Kempten (, (Swabian German: )) is the largest town of Allgäu, in Swabia, Bavaria, Germany. The population was about 68,000 in 2016. The area was possibly settled originally by Celts, but was later taken over by the Romans, who called the town Cambodunum. Kempten is the oldest urban settlement (town) in Germany.

History

Pre-Roman
The Greek geographer Strabo mentions in 50 BC a town of the Celtic Estiones named Kambodunon. This is considered the oldest written reference of any German city. So far no archaeological evidence could be found that this Celtic settlement really existed.

Roman era
In 15 BC Roman troops led by Nero Claudius Drusus and his brother Tiberius conquered and destroyed an existing Celtic settlement.  Later the settlement was named Cambodunum.
In the following years the city was rebuilt on a classical Roman city plan with baths, forum and temples. Initially in wood, the city was later rebuilt in stone after a devastating fire that destroyed almost the entire city in the year 69 AD. The city possibly served as provincial capital of Raetia during the first century before Augsburg took over this role. Extensive archaeological excavations at the end of the 19th century and again during the 1950s at what were then the outskirts of Kempten unearthed the extensive structural foundations.

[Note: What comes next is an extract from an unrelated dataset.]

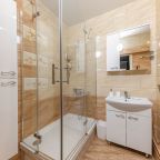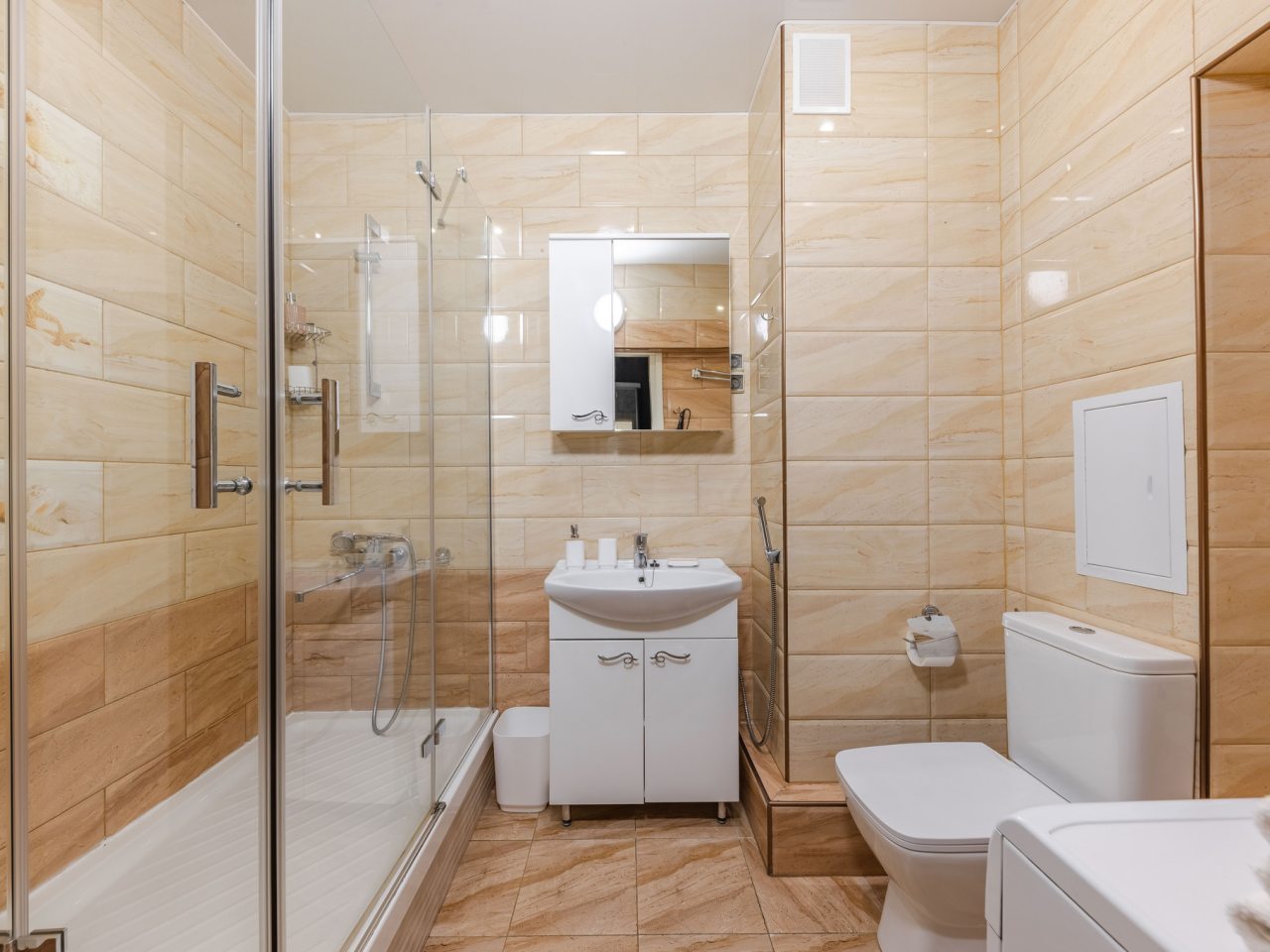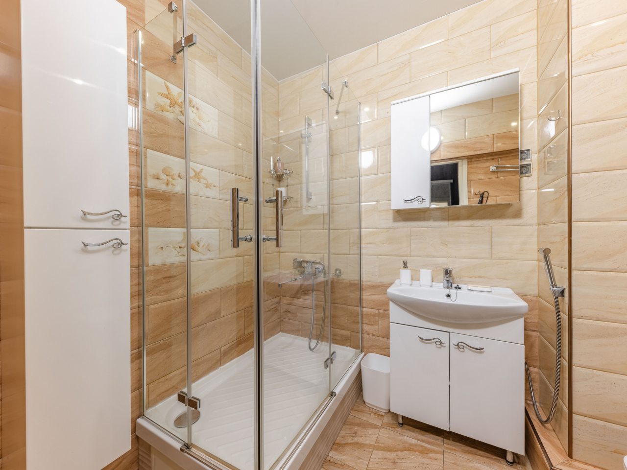 Квартира большая - 65 квадратных метров. Мы брали вариант с двуспальной кроватью. Очень понравилось такое расположение - мы разместились здесь просто отлично. В квартире есть большие панорамные окна, шторы хорошо затеняют пространство. В ванной комнате душевая кабина есть, а также биде. Гигиенические средства присутствуют. Есть большой шкаф-купе в коридоре.

The city was again destroyed in 233 AD by the Alemanni, a Suebic tribe. The original site of Cambodunum was then abandoned and the settlement moved to a strategically safer location on the Burghalde hill overlooking the river Iller.

In the middle of the 5th century the last Roman troops had left the area and the city was entirely taken over by the Alemanni.

Middle Ages 
After the Romans abandoned the settlement, it was moved from the hill down to the plains located next to the river Iller. In written sources, the town appears as Cambidano. Being still predominantly Alemannic, the town once more was destroyed by the Franks in 683 as a consequence of the city's support of an uprising against the Frankish kingdom.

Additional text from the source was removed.